This is the third and final article in the series on religion.
Let me start this one with a story about one of my spiritual heroes.
When Krishnamurti was 14 it was ‘discovered’ that he was a kind of ‘Messiah’ (despite the fact that his new worshippers thought he had ‘a slightly moronic look’). He was brought up by the Theosophists and prepared for his future career as the New World Teacher. He became the centre of a cult.
But when he was 34 he gave it all up. Telling his followers that he was not a teacher, not a guru, and that there was not even such a thing as religion. In fact he told them a story about the Devil:
“The devil and a friend of his were
walking down the street, when they saw a man pick up something from the ground, look at it, and put it away in his pocket. The friend said to the devil, ‘What did that man pick up?’ ‘He picked up a piece of the truth,’ said the devil. ‘That is a very
bad business for you, then,’ said his friend. ‘Oh, not at all,’ the devil replied, ‘I am going to help him organize it [into a new religion].”
For Krishnamurti ‘truth is a pathless land.’ No one can guide another towards the truth, it has to be earned for yourself. He said:

“I do not want followers, and I
mean this. The moment you follow someone you cease to follow Truth. I
am not concerned whether you pay attention to what I say or not. I want
to do a certain thing in the world and I am going to do it with
unwavering concentration. I am concerning myself with only one
essential thing: to set man free. I desire to free him from all cages,
from all fears, and not to found religions, new sects, nor to establish
new theories and new philosophies.”
Now Krishnamurti spent the next 56 years of his life (he died in 1986) as a sort of anti-guru teaching only one thing: Awareness.
That’s it: nothing else. Just Awareness. And its right there in the teachings of Buddha and Christ: just sit on your bum and train your awareness on what’s going on right now.
Here are some of the things I have learned about Awareness.
- It is not detachment. You are still involved in experience but you are also aware of how and what you do when you are in it.
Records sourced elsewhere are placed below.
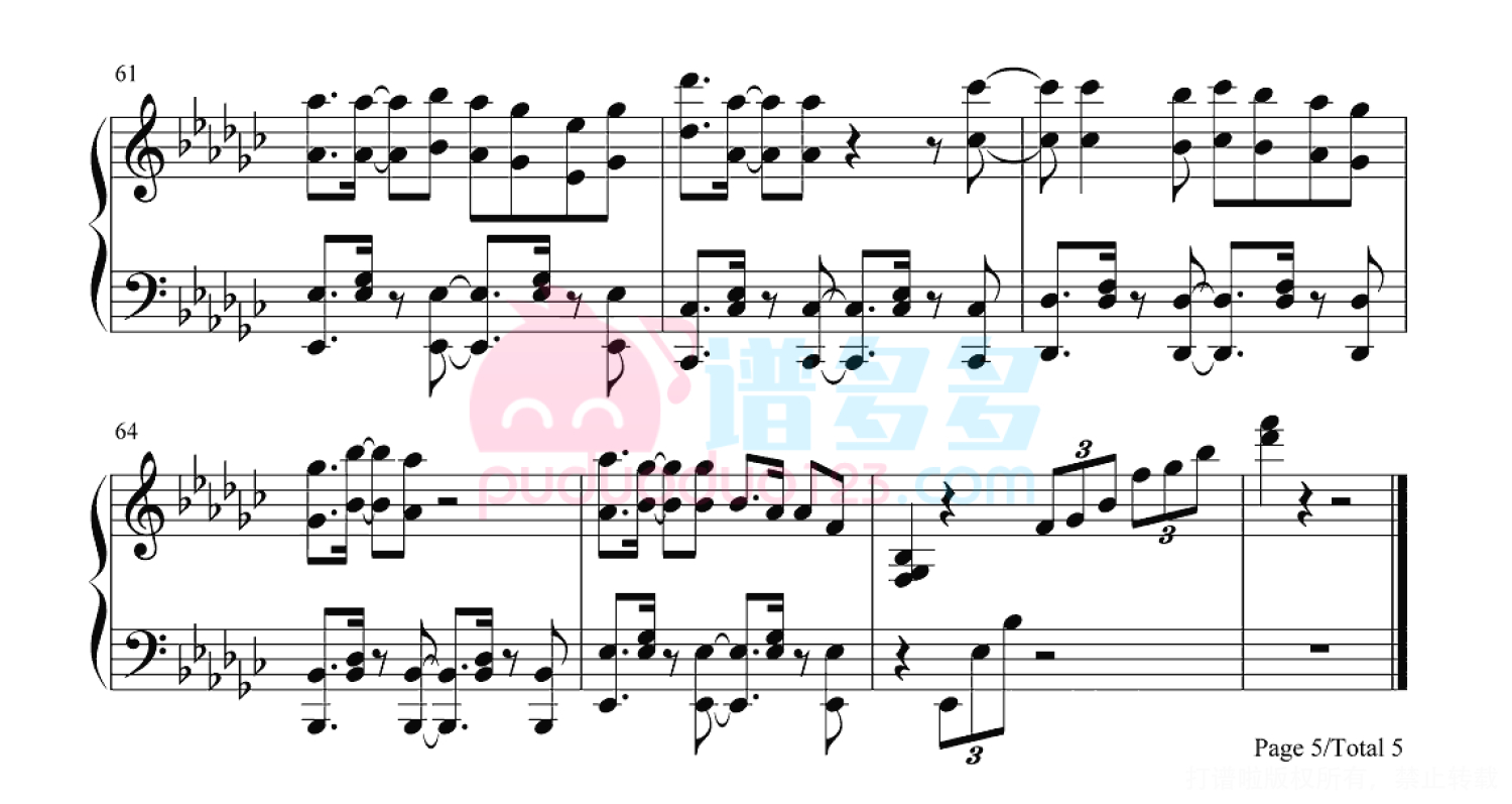 凡是琴谱网站内的版权保护水印,打印时,都会无水印。
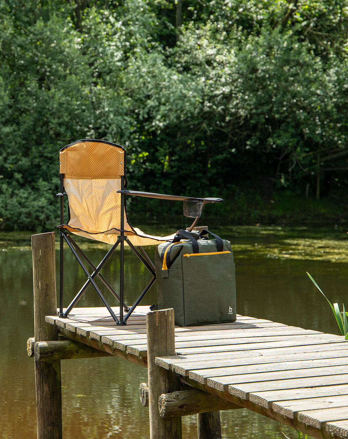 Bo-Camp moderne i trendy lagane sklopive stolice s industrijskim izgledom. Ova sklopiva stolica ima udobne naslone za ruke s posebnim držačem za piće. Vrlo kompaktna kad je sklopljena, a priložena torba za nošenje olakšava prijenos. Stolica ima čelični okvir s sjedištem od najlona (600 denira) s izgledom karbona.
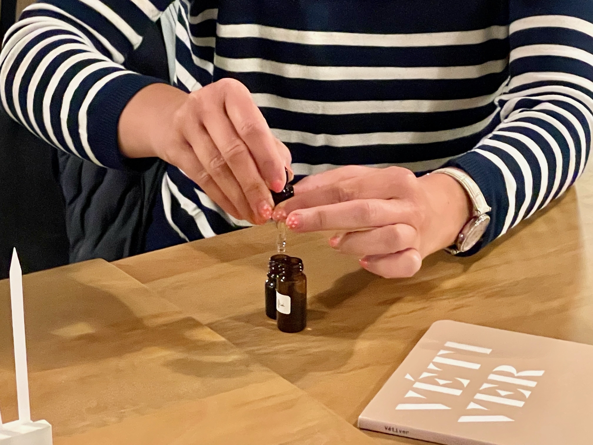 L’atelier permet également d’aborder les bases de la parfumerie : distinction entre notes de tête, de cœur et de fond pour visualiser comment un parfum évolue au fil du temps sur la peau, les méthodes d’extraction des matières premières (distillation, pression à froid…), la différence entre parfums naturels et synthétiques ou encore la notion de seuil de perception. À l’aide de mouillettes, les participants apprennent à reconnaître, comparer et mémoriser les odeurs. Puis vient le temps de la création. Chacun compose son propre « parfum de Beaune », en fonction de son ressenti du parcours. Une manière concrète de traduire une expérience en signature olfactive.
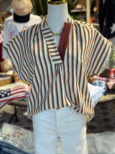 This caramel brown Brandi Stripe Top boasts a striped design and short dolman sleeves. Expertly crafted, it offers both comfort and style for a ver...
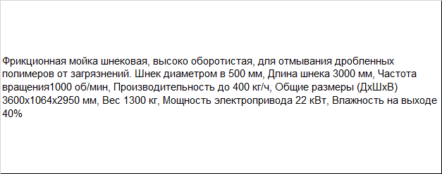 | Фрикционная мойка шнековая, высоко оборотистая, для отмывания дробленных полимеров от загрязнений. Шнек диаметром в 500 мм, Длина шнека 3000 мм, Частота вращения1000 об/мин, Производительность до 400 кг/ч, Общие размеры (ДхШхВ) 3600x1064x2950 мм, Вес 1300 кг, Мощность электропривода 22 кВт, Влажность на выходе 40% |
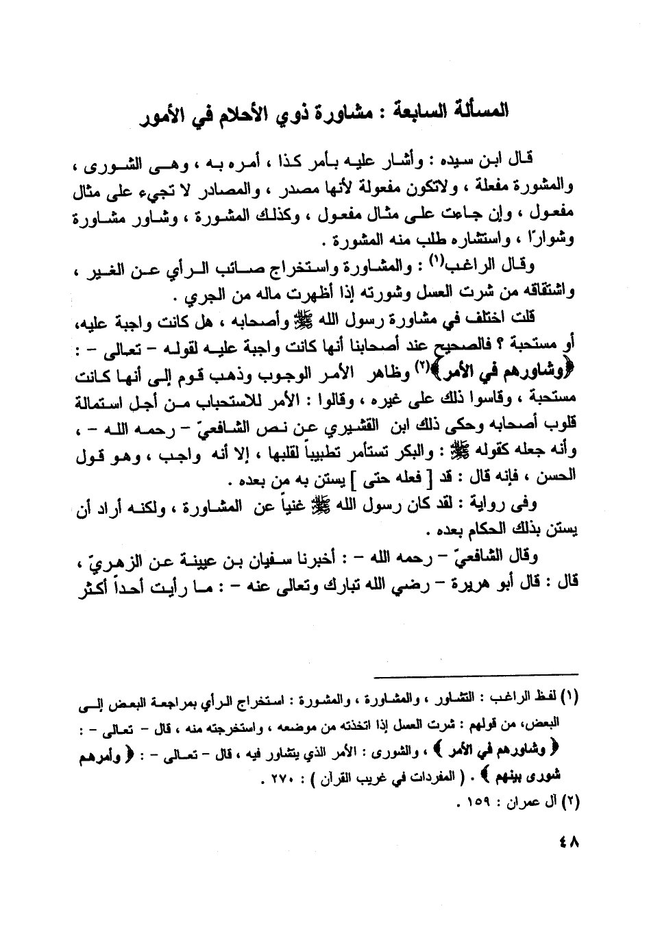 [ (1) ] لفظ الراغب: التشاور، والمشاورة، والمشورة: استخراج الرأي بمراجعة البعض إلى البعض، من قولهم: شرت العسل إذا اتخذته من موضعه، واستخرجته منه، قال- تعالى-:

- Awareness is not thinking. Awareness notices thoughts come up and waits for them to process and then go away.
- It does not require meditation (in fact, some types of meditation – the ones that try to ’empty the mind’ just get in the way).
- Awareness means witnessing everything that happens to you, without
interfering in the flow of events. You observe how you move, how you
walk, how you eat, how you talk.
- Practicing Awareness makes you intensely aware of your living in the moment – now.
- You also become more emotional, not less.
- States of joy, peace and serenity, become more and more ‘normal’.
- Worry becomes hard to do.
- As you develop Awareness you cease to live in the past and in the future.
- You become more and more grounded, centred in your body,
- You also become increasingly averse to words like ‘God’, ‘Love’, ‘Human existence’, ‘Fate’, ‘Heaven’, etc.
- Suffering becomes more bearable – you are aware that that experience, too, will pass.
- Because the practice of Awareness makes you less intolerant, and less judgmental, you become more and loving and compassionate towards others.
- Once in a while this state of Awareness opens up and expands – and for a split-second you go into a God-like state of consciousness (sorry, I can’t really explain it better than that – the whole thing is beyond words). It is utterly blissful.
“Do not try to become anything.
Do not make yourself into anything.
Do not be a meditator.
Do not become enlightened.
When you sit, let it be.
When you walk, let it be.
Grasp at nothing.
Resist nothing.
And if you haven’t wept deeply, you haven’t even begun to meditate.”